No human being could have passed a happier childhood than myself. My parents were possessed by the very spirit of kindness and indulgence. We felt that they were not the tyrants to rule our lot according to their caprice, but the agents and creators of all the many delights which we enjoyed. When I mingled with other families I distinctly discerned how peculiarly fortunate my lot was, and gratitude assisted the development of filial love.

My temper was sometimes violent, and my passions vehement; but by some law in my temperature they were turned not towards childish pursuits but to an eager desire to learn, and not to learn all things indiscriminately. I confess that neither the structure of languages, nor the code of governments, nor the politics of various states possessed attractions for me. It was the secrets of heaven and earth that I desired to learn; and whether it was the outward substance of things or the inner spirit of nature and the mysterious soul of man that occupied me, still my inquiries were directed to the metaphysical, or in its highest sense, the physical secrets of the world.

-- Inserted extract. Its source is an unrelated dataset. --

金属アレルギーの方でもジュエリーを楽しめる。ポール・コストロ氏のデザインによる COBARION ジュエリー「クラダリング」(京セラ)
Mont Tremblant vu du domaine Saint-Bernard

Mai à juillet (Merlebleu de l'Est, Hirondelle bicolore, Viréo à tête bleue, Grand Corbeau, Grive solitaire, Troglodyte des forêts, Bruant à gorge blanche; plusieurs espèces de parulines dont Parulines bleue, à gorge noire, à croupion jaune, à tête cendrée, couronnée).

Meanwhile Clerval occupied himself, so to speak, with the moral relations of things. The busy stage of life, the virtues of heroes, and the actions of men were his theme; and his hope and his dream was to become one among those whose names are recorded in story as the gallant and adventurous benefactors of our species. The saintly soul of Elizabeth shone like a shrine-dedicated lamp in our peaceful home. Her sympathy was ours; her smile, her soft voice, the sweet glance of her celestial eyes, were ever there to bless and animate us. She was the living spirit of love to soften and attract; I might have become sullen in my study, rough through the ardour of my nature, but that she was there to subdue me to a semblance of her own gentleness. And Clerval—could aught ill entrench on the noble spirit of Clerval? Yet he might not have been so perfectly humane, so thoughtful in his generosity, so full of kindness and tenderness amidst his passion for adventurous exploit, had she not unfolded to him the real loveliness of beneficence and made the doing good the end and aim of his soaring ambition.

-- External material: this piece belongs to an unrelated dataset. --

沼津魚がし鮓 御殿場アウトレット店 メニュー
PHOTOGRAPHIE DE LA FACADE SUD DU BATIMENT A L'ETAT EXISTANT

I feel exquisite pleasure in dwelling on the recollections of childhood,

Note also that a new chapter division starts here. The 1831 edition ignores the three-volume structure, and renumbers the chapters.

13. There is a sentence in chapter 1 (1818) relating to Victor’s father’s dismissal of Cornelius Agrippa as sad trash which is omitted in 1831: “I cannot help remarking here the many opportunities instructors possess of directing the attention of their pupils to useful knowledge, which they utterly neglect.” Victor goes on to say that had his father explained why Agrippa was useless “I should probably have applied myself to the more rational theory of chemistry which has resulted from modern discoveries.” That sentence is also omitted in 1831.

14. In the next paragraph, after “they appeared to me treasures known to few beside myself”, down to “I entered with the greatest diligence into the search for the philosopher’s stone and the elixir of life”, we have in 1831:

I have described myself as always having been embued with a fervent longing to penetrate the secrets of nature. In spite of the intense labour and wonderful discoveries of modern philosophers, I always came from my studies discontented and unsatisfied. Sir Isaac Newton is said to have avowed that he felt like a child picking up shells beside the great and unexplored ocean of truth. Those of his successors in each branch of natural philosophy with whom I was acquainted, appeared even to my boy’s apprehensions, as tyros engaged in the same pursuit.

The untaught peasant beheld the elements around him, and was acquainted with their practical uses. The most learned philosopher knew little more. He had partially unveiled the face of Nature, but her immortal lineaments were still a wonder and a mystery. He might dissect, anatomise, and give names; but, not to speak of a final cause, causes in their secondary and tertiary grades were utterly unknown to him. I had gazed upon the fortifications and impediments that seemed to keep human beings from entering the citadel of nature, and rashly and ignorantly I had repined.

But here were books, and here were men who had penetrated deeper and knew more. I took their word for all that they averred, and I became their disciple. It may appear strange that such should arise in the eighteenth century; but while I followed the routine of education in the schools of Geneva, I was, to a great degree, self taught with regard to my favourite studies. My father was not scientific, and I was left to struggle with a child’s blindness, added to a student’s thirst for knowledge. Under the guidance of my new preceptors, I entered with the greatest diligence into the search of the philosopher’s stone and the elixir of life.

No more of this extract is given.